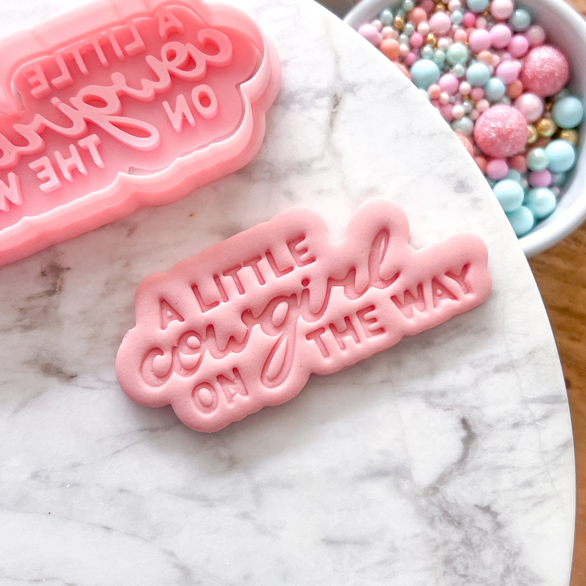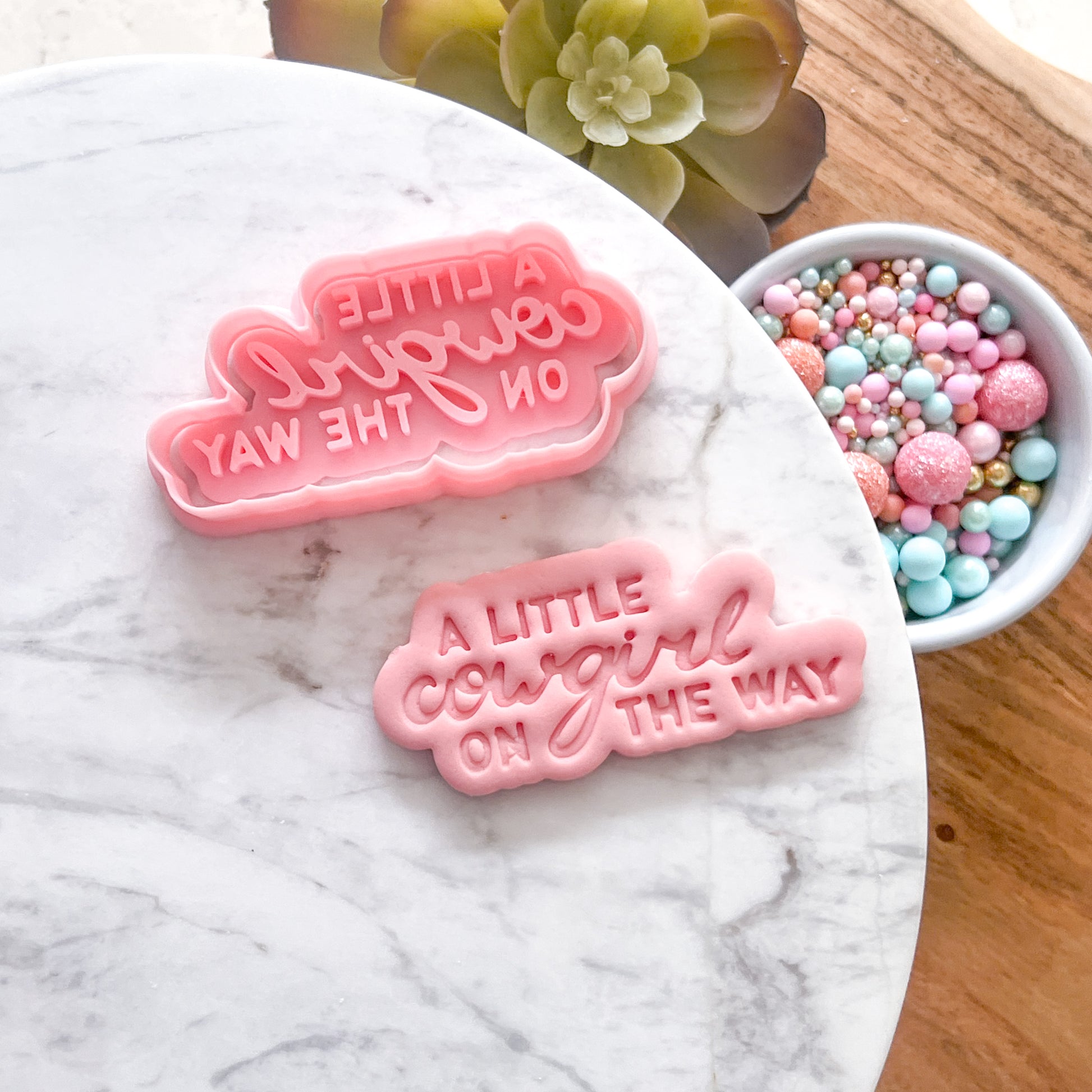 Welcome a little one with sweet, homemade cookies. Our "Little Cowgirl" - Cookie Cutter & Stamp Set" cookie cutter and stamp set makes it super simple to create cookies or fondant toppers with clean edges and easy decorating. Great for party platters, favour bags, and quick bakes with the kids.
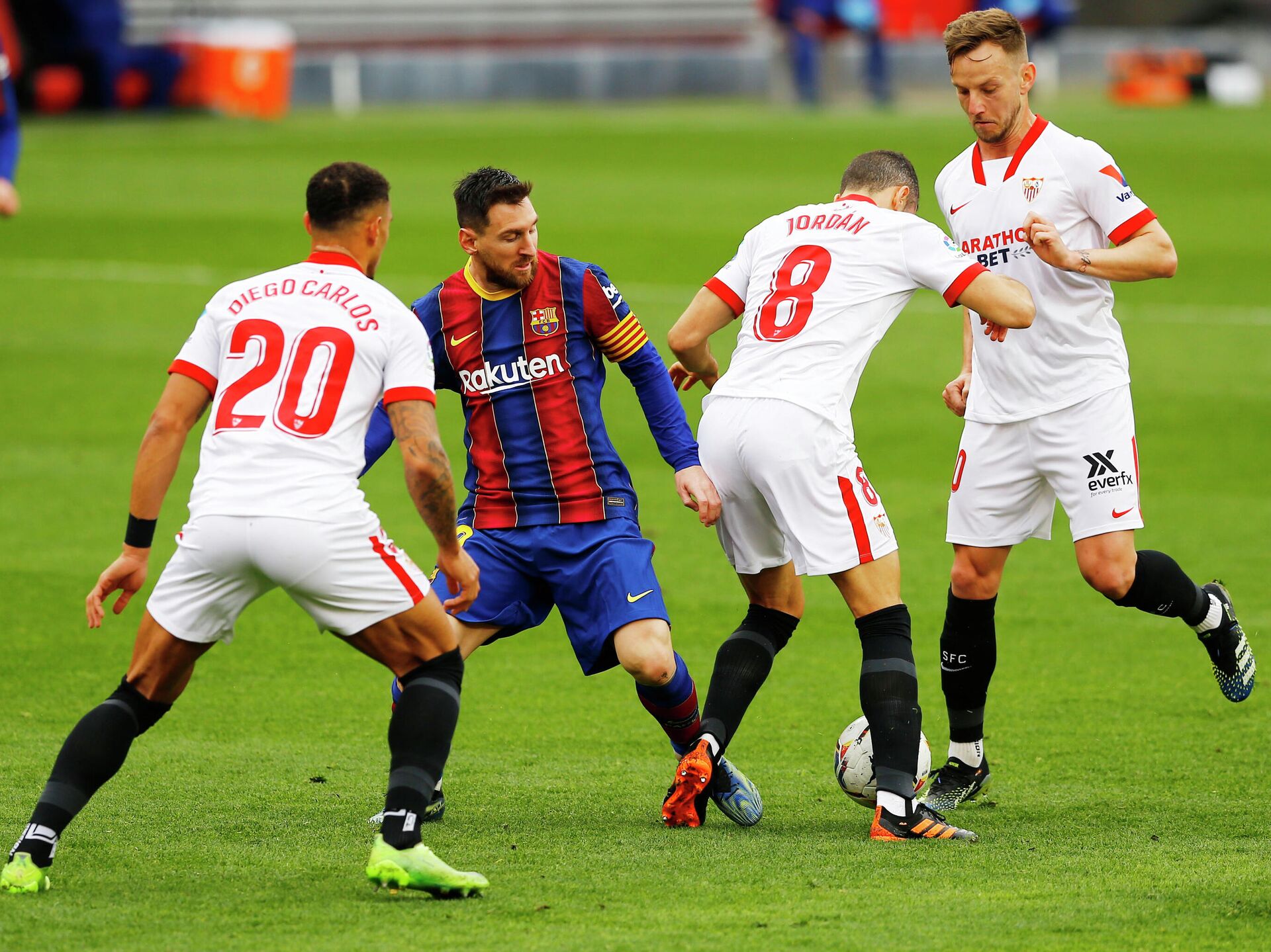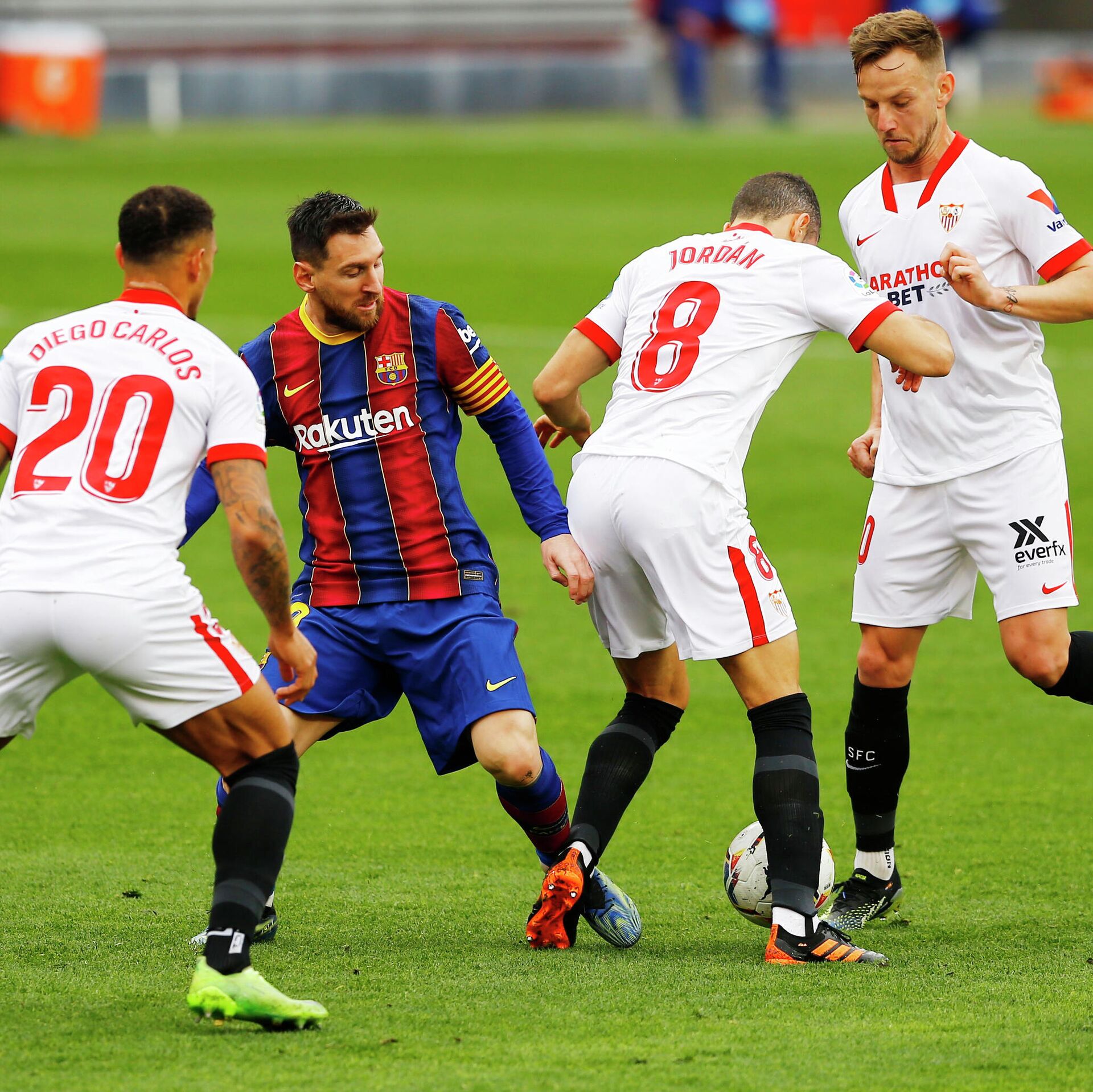 El centrocampista del Sevilla Joan Jordán intentó desesperadamente derribar al delantero y capitán del Barcelona, Lionel Messi, en pleno partido.
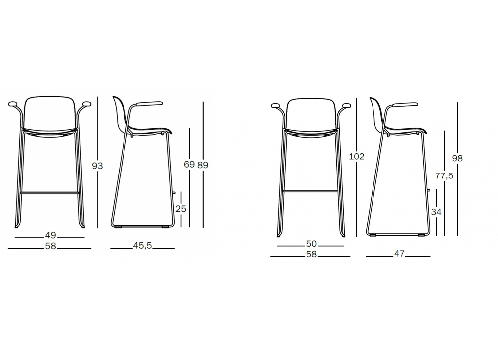 | Hauteur de siège | 69 cm; 77,5 cm. |
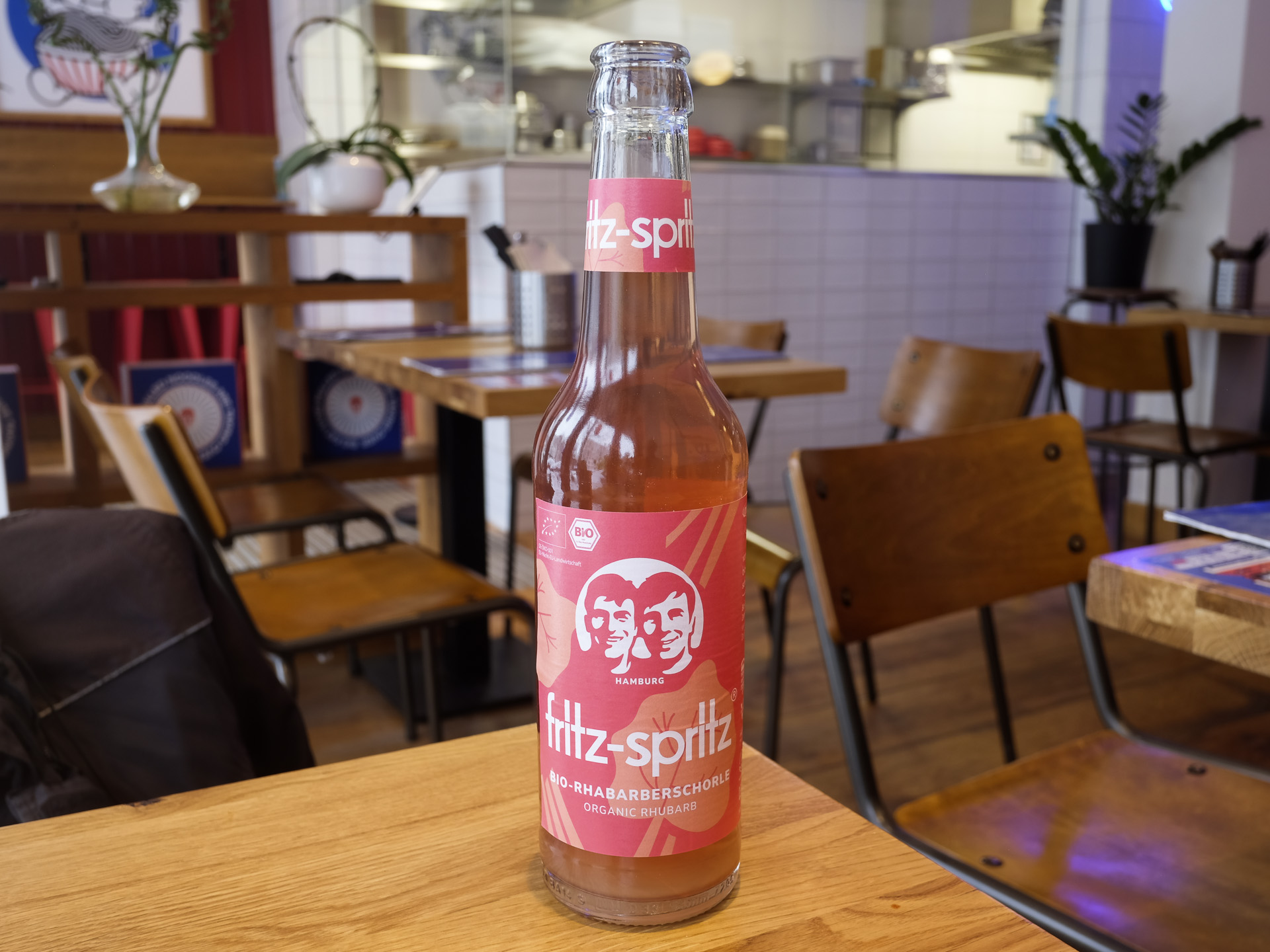 Zum Essen hatte ich eine Flasche Rhabarber Schorle von Fritz Kola.
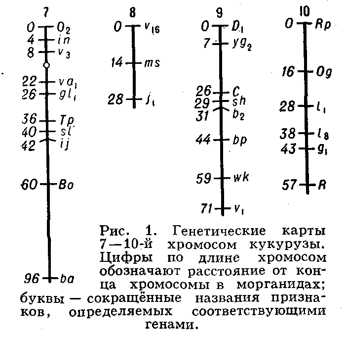 Генетические карты хромосом составляют для каждой пары гомологичных хромосом. Группы сцепВнления нумеруют последовательно, по мере их обнаружения. Кроме номера группы сцепления, указывают полные или сокраВнщённые назв. мутантных генов, их расВнстояния в морганидах от одного из концов хромосомы, принятого за нулевую точВнку, а также место центромеры. СостаВнвить Генетические карты хромосом можно только для объекВнтов, у которых изучено большое число мутантных генов. Например, у дрозофилы идентифицировано свыше 500 генов, локалиВнзованных в её 4 группах сцепления, у кукурузы тАФ около 400 генов, распредеВнлённых в 10 группах сцепления (рис. 1). У менее изученных объектов число обВннаруженных групп сцепления
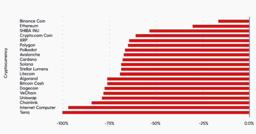 这是2021年比特币市值最高时排名前20的山寨币,到2022年熊市时相对比特币的表现。
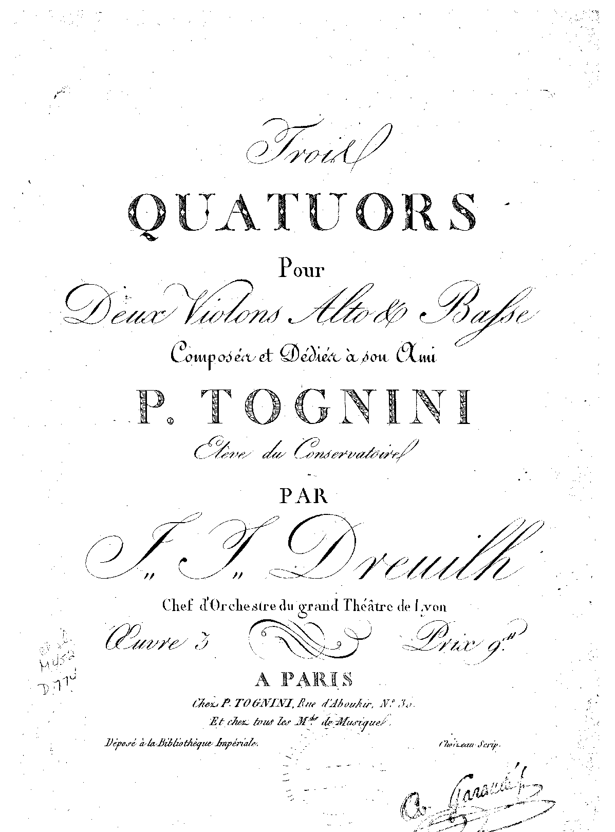 | Alternative. Title | Trois quatuors pour deux violons, alto & basse |
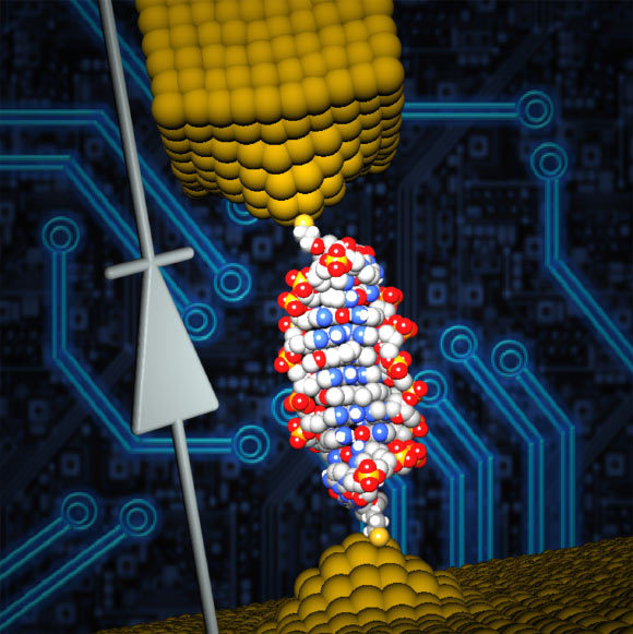 科学家插入一个名为coralyne的小分子到DNA,并且能创造出一个单分子的二极体,能够在未来的纳米电路上被用来当作1个主动元件: University of Georgia / Ben-Gurion University of the Negev.
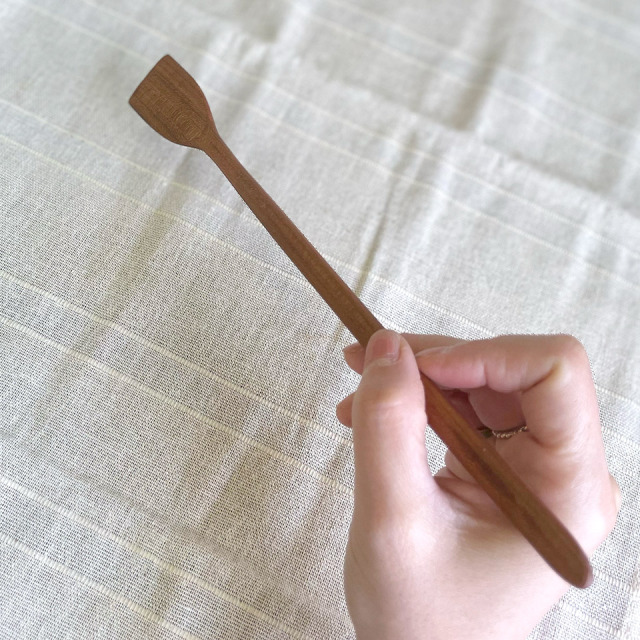 四角いスプーンがすくいやすく、裏側でジャム等をスーっと伸ばせます。手にしっくりとくる軽くて丈夫な木製のジャムスプーンは、パフェスプーンやマドラーなど色々な使い方でお楽しみいただけます。つくりて カントリーチェア(仲村旨和) サイズ 長さ:約250mm 素 材 木(さくら) 注意事項 ギャラリーや他のサイトでも販売しているため、ご注文時点で在庫がない場合は制作に4~5ヶ月程度かかる場合があります。予めご了承下さい。

YOUR TASK
Lines wanted from the entries above: the one with "cm; 77,5 cm. |", the one with "Zum Essen hatte", and all lines between. Please copy them exactly, without the pictures and without anything else.

SOLUTION FOR THIS TASK
 | Hauteur de siège | 69 cm; 77,5 cm. |
 Zum Essen hatte ich eine Flasche Rhabarber Schorle von Fritz Kola.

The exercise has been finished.